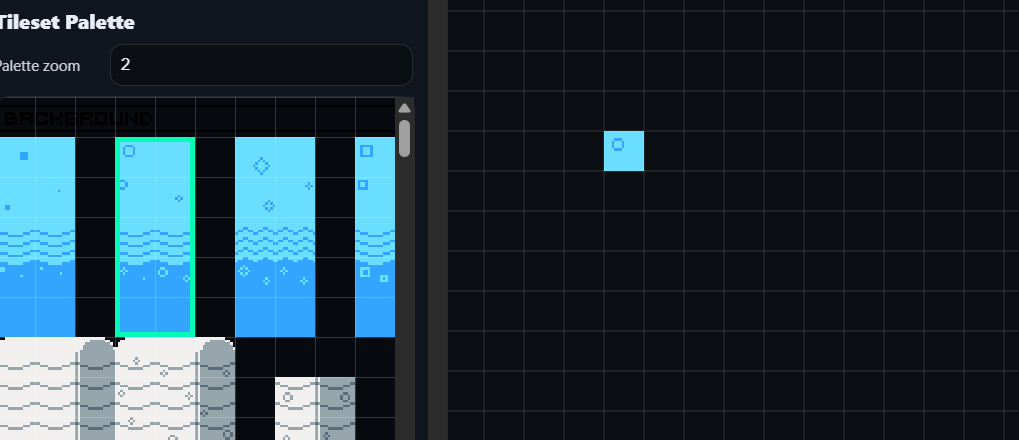 Load a tileset: Choose a PNG tileset. Set Tile W/H to match your tile size (ex: 16x16). If your tileset has padding, set margin/spacing so the palette lines up.
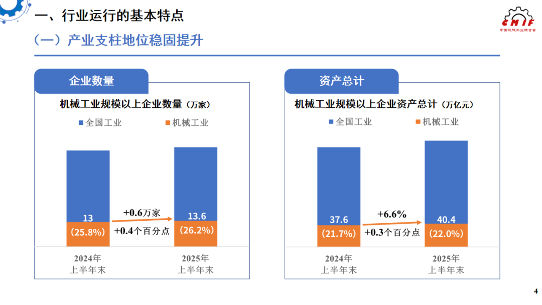 截至6月末,機械工業(yè)規(guī)模以上企業(yè)數(shù)量達13.6萬家,較上年同期增加0.6萬家,占全國工業(yè)的26.2%,占比較上年同期提高0.4個百分點;資產(chǎn)總計達40.4萬億元,同比增長6.6%,占全國工業(yè)的22.0%,占比較上年同期提高0.3個百分點。
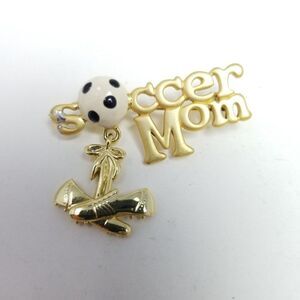 Vintage Soccer Mom Brooch, Gold Tone Enamel Ball and Cleats Lapel Pin, Sports
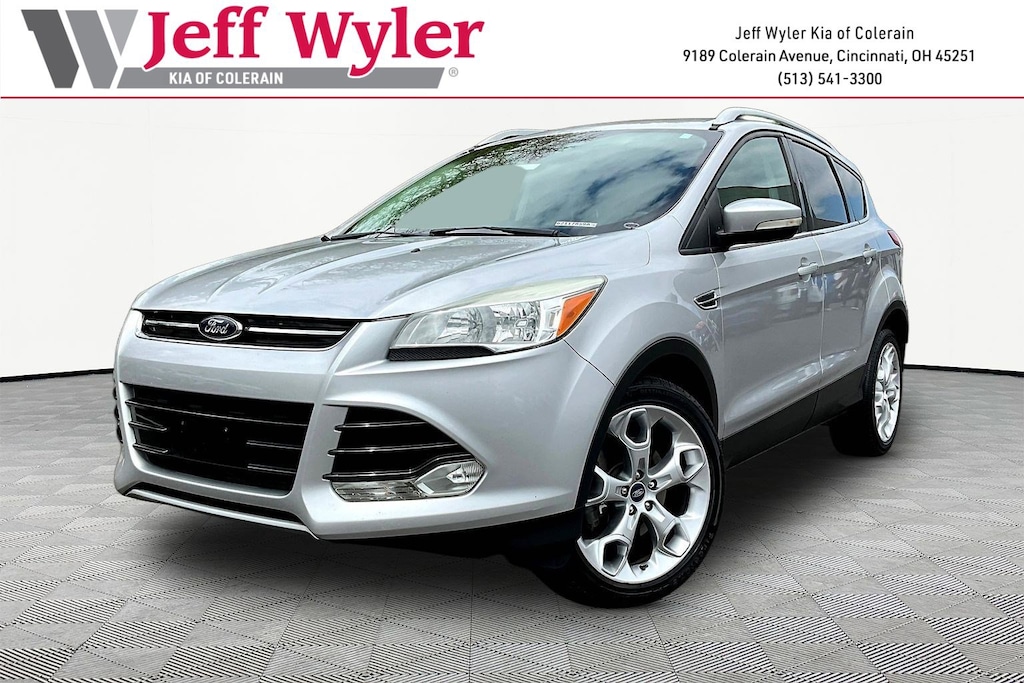Jeff Wyler Kia of Colerain is delighted to offer this superb-looking 2014 Ford Escape Titanium in Ingot Silver Metallic. Equipment Group 400A, 10 Speakers, 3.21 Axle Ratio, 4-Wheel Disc Brakes, ABS brakes, Air Conditioning, Alloy wheels, AM/FM radio: SiriusXM, Auto-dimming Rear-View mirror, Automatic temperature control, Brake assist, Bumpers: body-color, CD player, Compass, Delay-off headlights, Driver door bin, Driver vanity mirror, Dual front impact airbags, Dual front side impact airbags, Electronic Stability Control, Exterior Parking Camera Rear, Four wheel independent suspension, Front anti-roll bar, Front Bucket Seats, Front Center Armrest, Front dual zone A/C, Front fog lights, Front reading lights, Fully automatic headlights, Garage door transmitter, Heated door mirrors, Heated front seats, Heated Leather-Trimmed Buckets w/60/40 Rear Seat, Illuminated entry, Knee airbag, Leather Shift Knob, Low tire pressure warning, Memory seat, Navigation System, Occupant sensing airbag, Outside temperature display, Overhead airbag, Overhead console, Panic alarm, Passenger door bin, Passenger vanity mirror, Power door mirrors, Power driver seat, Power Liftgate, Power steering, Power windows, Radio data system, Radio: AM/FM Single CD/MP3, Rear anti-roll bar, Rear Parking Sensors, Rear reading lights, Rear seat center armrest, Rear window defroster, Rear window wiper, Remote keyless entry, Roof rack: rails only, Security system, Speed control, Speed-sensing steering, Split folding rear seat, Steering wheel mounted audio controls, SYNC w/MyFord Touch & SYNC Services, Tachometer, Telescoping steering wheel, Tilt steering wheel, Traction control, Trip computer, Turn signal indicator mirrors, Variably intermittent wipers, Wheels: 18" Sparkle Nickel Painted Aluminum, and Wheels: 19" Alloy Luster Nickel Our PRE-OWNED vehicles are put through a rigorous 167- POINT QUALITY ASSURANCE INSPECTION along with an average amount of over $1,400.00 SPENT to recondition each vehicle so we can be sure to deliver you the highest quality vehicle like you deserve! ***ONLINE PRICE DOES NOT INCLUDE WYLER FAMILY FIRST PACKAGE***
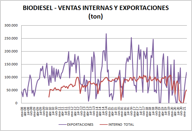 Para el biodiesel, la información parte desde enero de 2008 para las exportaciones y desde febrero de 2010 para la venta refinerías.
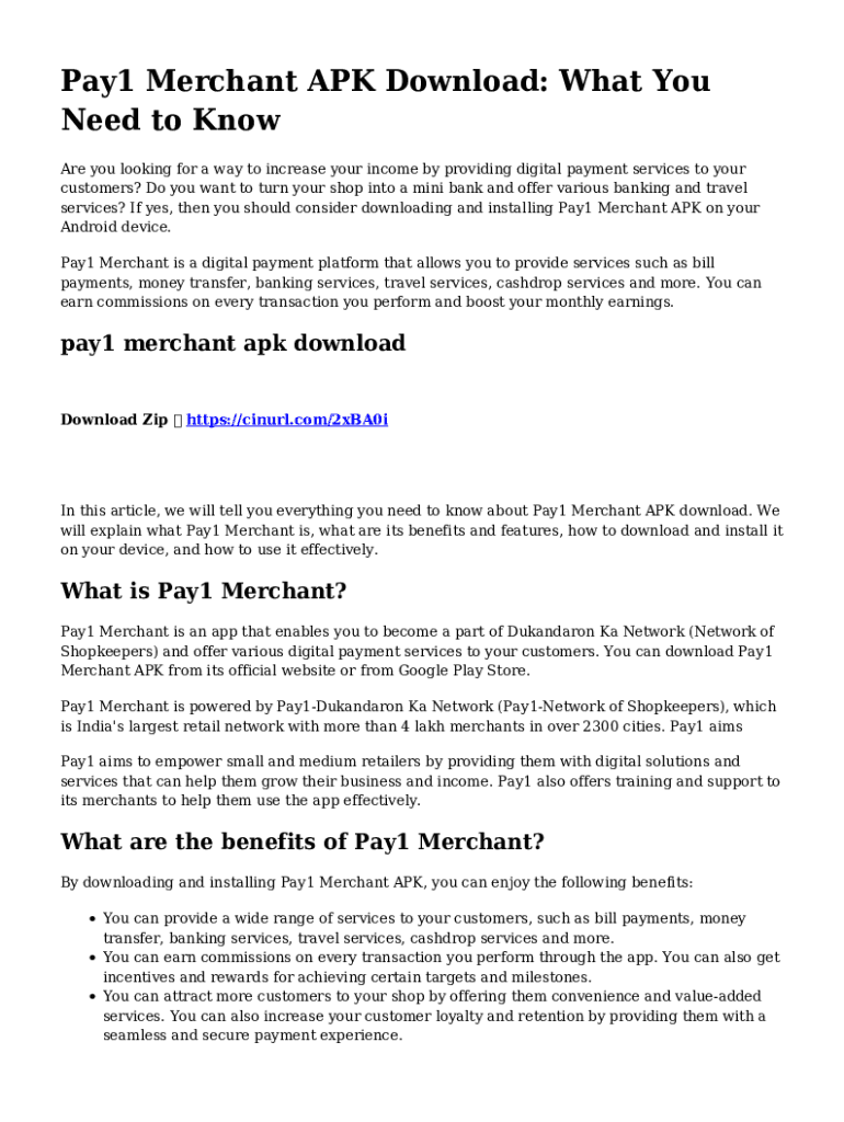 Pay1 Merchant APK Download: What You Need to Know Are you looking for a way to increase your income by providing digital payment services to your customers? Do you want to turn your shop into a mini
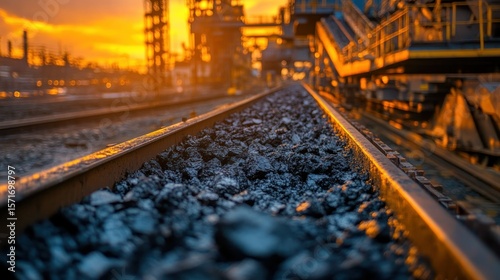 © Lemdah, Obraz premium Industrial railway tracks filled with dark stones at sunset
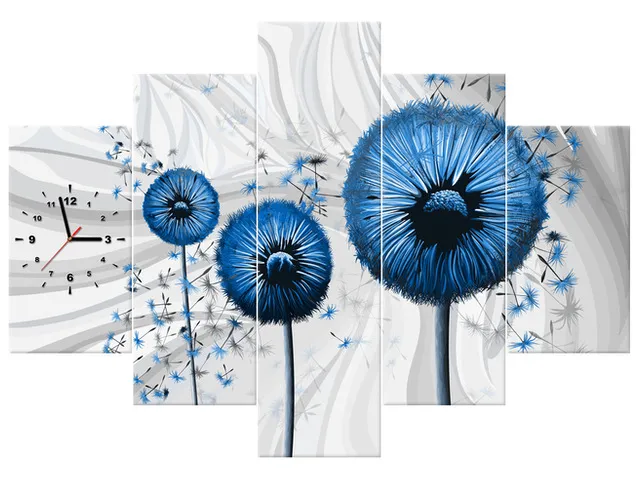 Úvod » Obrazy » Obrazy s hodinami » Obraz na plátne s hodinami Modré púpavy 3
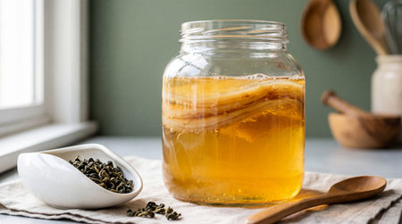 Golden kombucha tea fermenting in glass jar with healthy scoby culture beside loose tea leaves on kitchen table near window light.
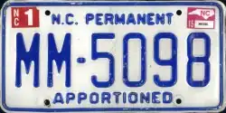 Apportioned Truck 2006–present Embossed blue on white with border line; "N.C. PERMANENT" at top; "APPORTIONED" at bottom LB-1234
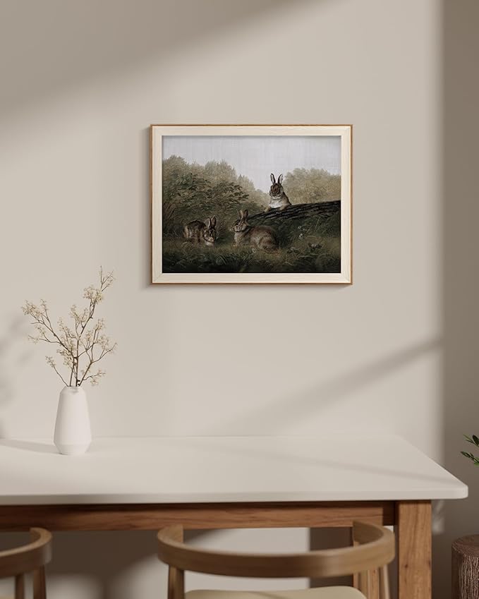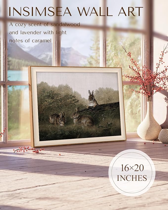 InSimSea Framed Canvas Wall Art of Rabbit Animal - Vintage Easter Bunny Room Decor, Aesthetic Wall Art Home Decor Oil Painting for Living Room Bedroom Botanical Landscape Farmhouse Wall Decor 16x20In
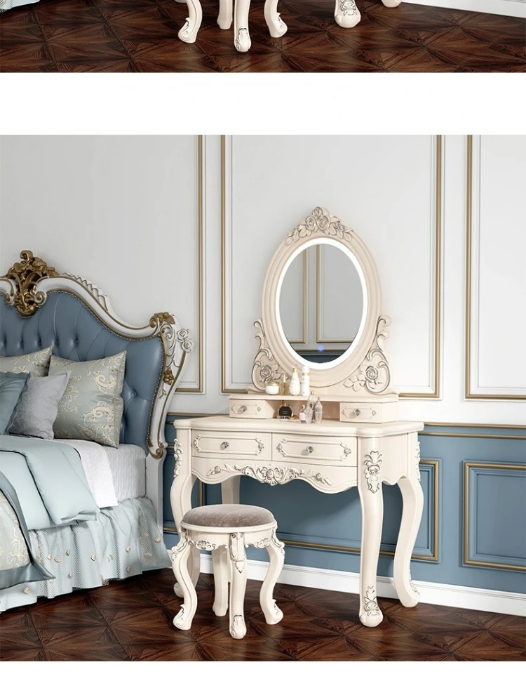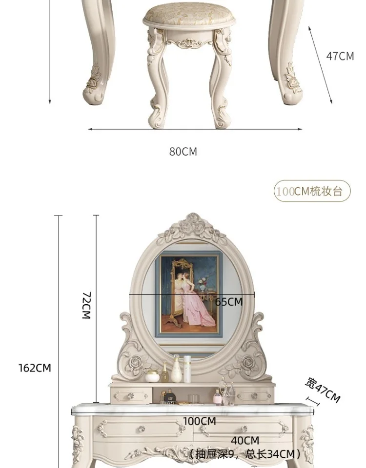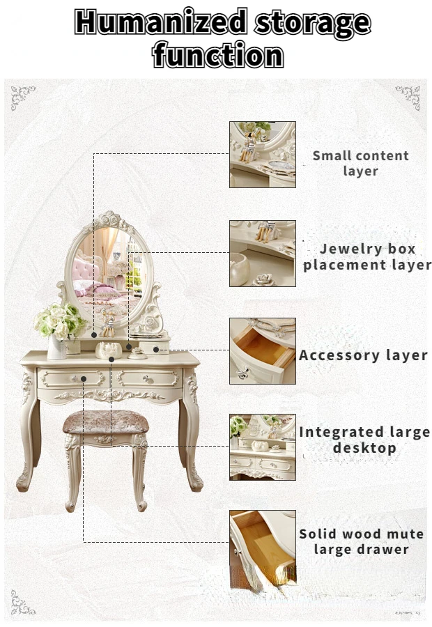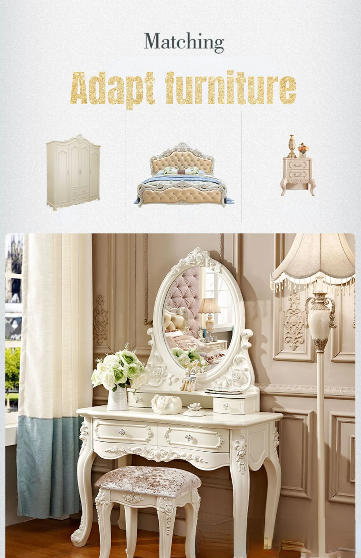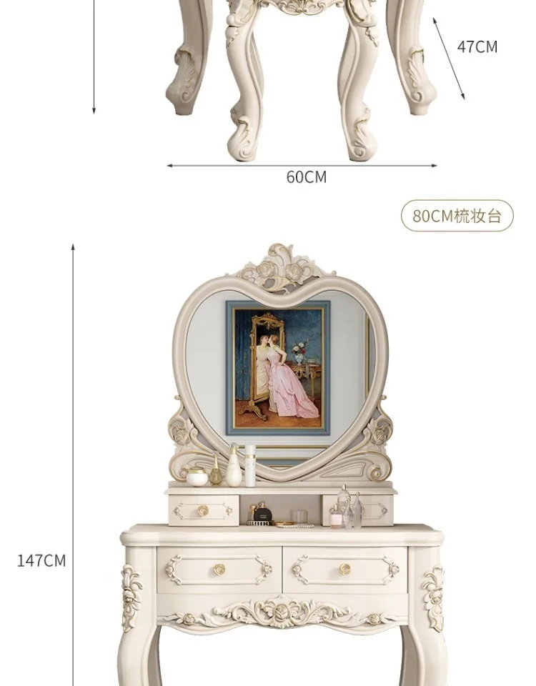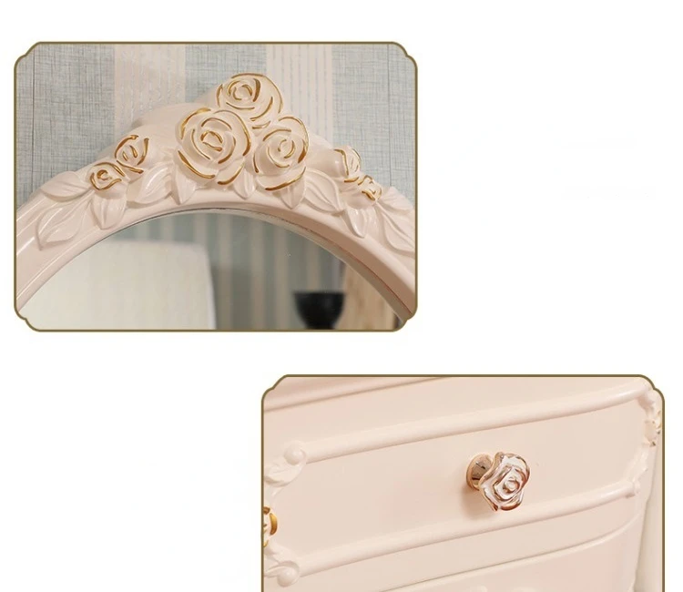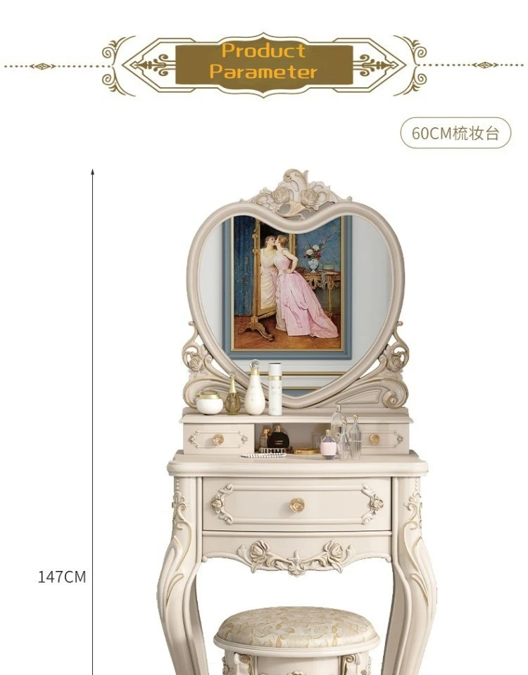 European Dressers Vanity Table Set with Mirror White Makeup Desk with Drawers & Stool Small Wood Dressing Table for Bedroom

————————

- **Your objective**: Every line of the listing should be repeated exactly; no picture should appear.

- **Answer for this exercise**:
 Load a tileset: Choose a PNG tileset. Set Tile W/H to match your tile size (ex: 16x16). If your tileset has padding, set margin/spacing so the palette lines up.
 截至6月末,機械工業(yè)規(guī)模以上企業(yè)數(shù)量達13.6萬家,較上年同期增加0.6萬家,占全國工業(yè)的26.2%,占比較上年同期提高0.4個百分點;資產(chǎn)總計達40.4萬億元,同比增長6.6%,占全國工業(yè)的22.0%,占比較上年同期提高0.3個百分點。
 Vintage Soccer Mom Brooch, Gold Tone Enamel Ball and Cleats Lapel Pin, Sports
Jeff Wyler Kia of Colerain is delighted to offer this superb-looking 2014 Ford Escape Titanium in Ingot Silver Metallic. Equipment Group 400A, 10 Speakers, 3.21 Axle Ratio, 4-Wheel Disc Brakes, ABS brakes, Air Conditioning, Alloy wheels, AM/FM radio: SiriusXM, Auto-dimming Rear-View mirror, Automatic temperature control, Brake assist, Bumpers: body-color, CD player, Compass, Delay-off headlights, Driver door bin, Driver vanity mirror, Dual front impact airbags, Dual front side impact airbags, Electronic Stability Control, Exterior Parking Camera Rear, Four wheel independent suspension, Front anti-roll bar, Front Bucket Seats, Front Center Armrest, Front dual zone A/C, Front fog lights, Front reading lights, Fully automatic headlights, Garage door transmitter, Heated door mirrors, Heated front seats, Heated Leather-Trimmed Buckets w/60/40 Rear Seat, Illuminated entry, Knee airbag, Leather Shift Knob, Low tire pressure warning, Memory seat, Navigation System, Occupant sensing airbag, Outside temperature display, Overhead airbag, Overhead console, Panic alarm, Passenger door bin, Passenger vanity mirror, Power door mirrors, Power driver seat, Power Liftgate, Power steering, Power windows, Radio data system, Radio: AM/FM Single CD/MP3, Rear anti-roll bar, Rear Parking Sensors, Rear reading lights, Rear seat center armrest, Rear window defroster, Rear window wiper, Remote keyless entry, Roof rack: rails only, Security system, Speed control, Speed-sensing steering, Split folding rear seat, Steering wheel mounted audio controls, SYNC w/MyFord Touch & SYNC Services, Tachometer, Telescoping steering wheel, Tilt steering wheel, Traction control, Trip computer, Turn signal indicator mirrors, Variably intermittent wipers, Wheels: 18" Sparkle Nickel Painted Aluminum, and Wheels: 19" Alloy Luster Nickel Our PRE-OWNED vehicles are put through a rigorous 167- POINT QUALITY ASSURANCE INSPECTION along with an average amount of over $1,400.00 SPENT to recondition each vehicle so we can be sure to deliver you the highest quality vehicle like you deserve! ***ONLINE PRICE DOES NOT INCLUDE WYLER FAMILY FIRST PACKAGE***
 Para el biodiesel, la información parte desde enero de 2008 para las exportaciones y desde febrero de 2010 para la venta refinerías.
 Pay1 Merchant APK Download: What You Need to Know Are you looking for a way to increase your income by providing digital payment services to your customers? Do you want to turn your shop into a mini
 © Lemdah, Obraz premium Industrial railway tracks filled with dark stones at sunset
 Úvod » Obrazy » Obrazy s hodinami » Obraz na plátne s hodinami Modré púpavy 3
 Golden kombucha tea fermenting in glass jar with healthy scoby culture beside loose tea leaves on kitchen table near window light.
 Apportioned Truck 2006–present Embossed blue on white with border line; "N.C. PERMANENT" at top; "APPORTIONED" at bottom LB-1234
 InSimSea Framed Canvas Wall Art of Rabbit Animal - Vintage Easter Bunny Room Decor, Aesthetic Wall Art Home Decor Oil Painting for Living Room Bedroom Botanical Landscape Farmhouse Wall Decor 16x20In
 European Dressers Vanity Table Set with Mirror White Makeup Desk with Drawers & Stool Small Wood Dressing Table for Bedroom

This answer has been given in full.